Puka
In the middle of writing papers and getting some programming completed for work, but I couldn't resist taking the time out to tell all of you about my new Doctor from New York.
I have to explain a Hawaiian word first. The word "puka" is used to mean a hole, a little mistake, or maybe a defect. We've got huge pukas (potholes) in our roads, pukas on our car from the salt water, and or local government daily commits pukas just in the normal course of business (this is Hawaii folks, not Washington D.C.).
Having said that, it tickles us when people fresh off the jet get a taste of culture here. After much nagging by a woman who shall remain nameless but never silent, I went to visit the doctor the other day. Not having had a doctor's appoint for something like 10 years or so, of course the silent one chose a doctor for me very carefully. Since she couldn't find an appropriate Valkyrie of enormous proportions to manhandle me into submission, or a hot tempered redhead to slap me around, she had to make-do with a young New Yorker who had only been in Hawaii for about two months. This then, is my new doctor's story of her first day in Hawaii.
As she's explaining to me why I may have occassional numbness in my leg, because of a nerve bundle running through a small opening… a "puka" in the bone or backbone, she's really proud that she's learned the word "puka." It seems that on her first trip home in her rental car from the airport she was pulled over by the police. Nervous of course, and not knowing just what to expect by the police here in paradise, it got worse when the cop told her the reason he'd pulled her over.
"I wasn't speeding, was I officer? I'm new here and maybe I missed a sign, or maybe, or maybe…"
"No ma'am. The reason I pulled you over is that you have a puka in one of your taillights".
"Oh my God! A puka?" Of course, never having heard the word before, she's thinking it could be a huge rat, a cockroach-kind of huge bug, or maybe an exotic reptile or bird of some kind. Jumping out of her car, she races ahead of the policeman to the back of the car.

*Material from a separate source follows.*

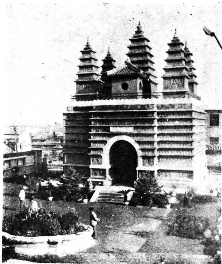
五塔寺，原名慈灯寺。建于清雍正五年（1727年）塔总高16.53米。塔口上有蒙、汉、藏三种文字的“金刚座舍利宝塔”。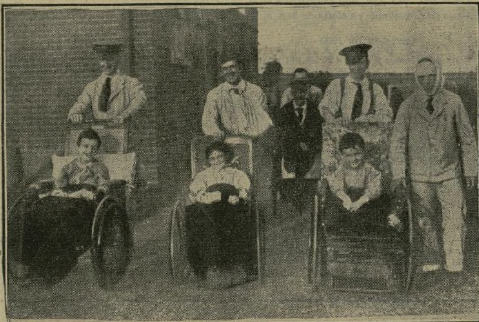
En un hospital de niños de Londres, los soldados heridos allí refugiados conducen los coches de los chiquitines enfermos.

Then, running back and forth between the two sides, she's trying like crazy to see if the puka is still alive in there.
Finally, with I'm sure the straightest face he could muster under the circumstances, the policeman points to a small piece broken out of the taillight, "easy ma'am, it's just a small hole, but you need to get it fixed because your light isn't working."
She didn't say if she got a ticket, but I would suspect the officer probably couldn't wait to get back to his car so he could laugh in peace. Damned if that story wasn't nearly as good as Kim and the Pineapple Tree.